We can easily implement these steps in scikit-learn using the **Pipeline** class. Pipelines allow us to integrate multiple steps into a single unit (the pipeline). In scikit-learn, you can use this unit in the same way you use an estimator. This means that the unit Pipeline works like LogisticRegression or any other model. It has fit, predict, and score methods, and you can use it as a classifier.

### Building pipelines

The easiest way to build a pipeline is through the function *make_pipeline*. The syntax for *make_pipeline* is as simples as: 

> make_pipeline(*steps you want to do*)

The steps that you want to do must be 'transforms'. And that's a problem...

### Pipelines limitations

To say that the steps must be 'transforms', means that they must implement fit and transform methods.

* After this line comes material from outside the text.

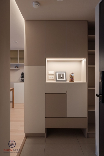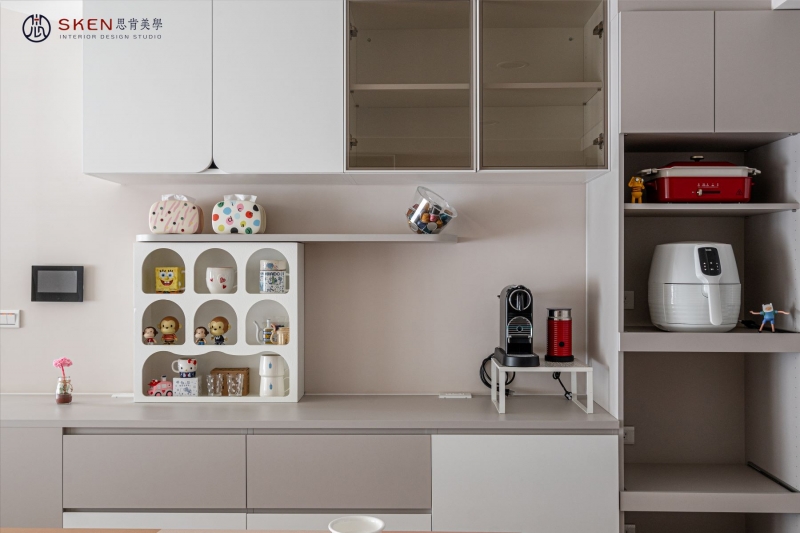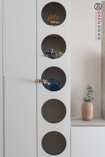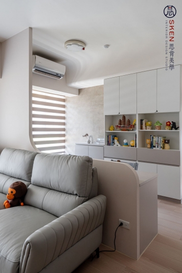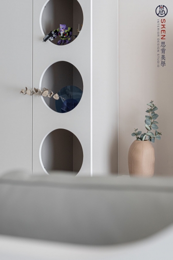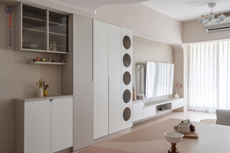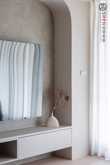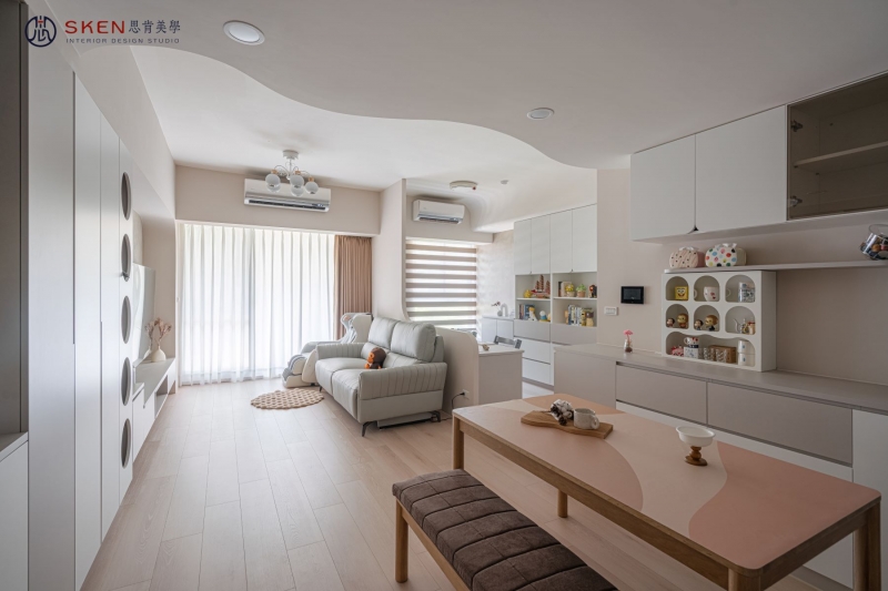 以奶油為主色、利用曲線與圓形讓空間富有層次,整個空間簡約又不失趣味,柔和的感覺,讓人貪念在家的慵懶

Accordingly, if we are trying an imputation method that does not have these methods, we can't use pipelines. And if we can't use pipelines, we can't evaluate our model through cross-validation because of the data leakage problem.

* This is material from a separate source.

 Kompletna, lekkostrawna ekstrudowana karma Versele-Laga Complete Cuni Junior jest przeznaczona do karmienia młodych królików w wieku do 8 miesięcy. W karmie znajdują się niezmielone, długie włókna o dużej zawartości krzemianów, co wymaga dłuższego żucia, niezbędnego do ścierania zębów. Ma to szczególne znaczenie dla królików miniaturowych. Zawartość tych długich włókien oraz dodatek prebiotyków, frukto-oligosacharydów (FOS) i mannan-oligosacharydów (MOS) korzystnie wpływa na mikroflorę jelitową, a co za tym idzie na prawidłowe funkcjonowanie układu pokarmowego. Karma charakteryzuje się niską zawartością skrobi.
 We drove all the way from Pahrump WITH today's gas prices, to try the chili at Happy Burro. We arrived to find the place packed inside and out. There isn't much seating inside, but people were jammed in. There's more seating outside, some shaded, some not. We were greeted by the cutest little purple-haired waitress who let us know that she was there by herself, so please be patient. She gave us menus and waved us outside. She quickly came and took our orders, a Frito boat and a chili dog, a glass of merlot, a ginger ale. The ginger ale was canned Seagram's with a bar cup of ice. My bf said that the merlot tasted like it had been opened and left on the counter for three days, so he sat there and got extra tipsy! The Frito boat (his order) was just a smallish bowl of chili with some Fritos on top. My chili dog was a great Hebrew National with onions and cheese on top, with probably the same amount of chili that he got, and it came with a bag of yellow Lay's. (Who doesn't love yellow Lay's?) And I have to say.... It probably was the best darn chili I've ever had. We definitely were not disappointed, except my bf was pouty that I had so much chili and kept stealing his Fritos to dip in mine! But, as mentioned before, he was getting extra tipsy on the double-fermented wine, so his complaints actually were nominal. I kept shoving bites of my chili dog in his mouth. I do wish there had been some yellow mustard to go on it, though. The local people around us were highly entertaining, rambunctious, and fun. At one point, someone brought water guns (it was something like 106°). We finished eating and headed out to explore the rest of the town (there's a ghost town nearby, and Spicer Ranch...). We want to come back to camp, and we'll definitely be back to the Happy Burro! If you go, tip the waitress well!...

This is the reason why I told you that scikit-learn restricts the use of more complex imputation methods. You can still apply them if you work around the code, but it will never be as straightforward as it is to apply the mean imputation method.

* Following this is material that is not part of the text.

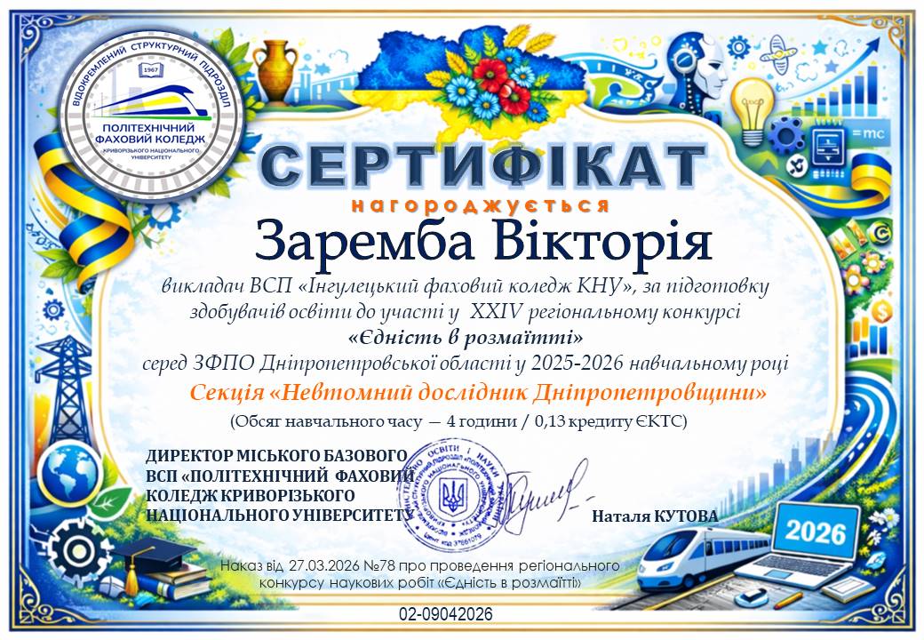Вітаємо з перемогою у регіональному конкурсі науково-дослідницьких робіт «Єдність у розмаїтті» студентів ІІ курсу групи ЕРГО 24 1/9 Тимура Золотаря та Іллю Никитюка!

## 2.4. Evaluation through cross-validation

Now that we already discussed the need for pipelines, let's solve the problem.

In [7]:
# Estimate score with pipeline
from sklearn.preprocessing import Imputer
from sklearn.pipeline import make_pipeline

pipe = make_pipeline(Imputer(), LogisticRegression())
score = cross_val_score(pipe, X_missing, y, cv=5)
print('Score: %.3f +/- %.3f' % (np.mean(score), np.std(score)))

Score: 0.813 +/- 0.078


This is the score that should be compared with the score resulting from the approach in which we used only valid data. It's the comparison between these two scores that should guide our decision on which solution we should use to solve the missing data problem.

---

# Summary

In this example, we saw how to select a solution for the missing data problem. We discussed two solutions: 
1. Use only valid data.
1. Impute data (mean imputation).

While the first solution is easy to apply, the second one is tricky. In particular, the second solution can guide us to a data leakage situation. To avoid these situation, we must use pipelines. Since pipelines are restricted to 'transformers', not always we can apply complex imputation methods in scikit-learn.

The general process to compare missing data solutions is:
1. Choose an error metric.
1. Select a machine learning algorithm.
1. Apply a missing data solution to get a complete dataset.
1. Evaluate model performance through cross-validation.

Once you finished this process, you're able to select the missing data solution that leads you to the most accurate predictions.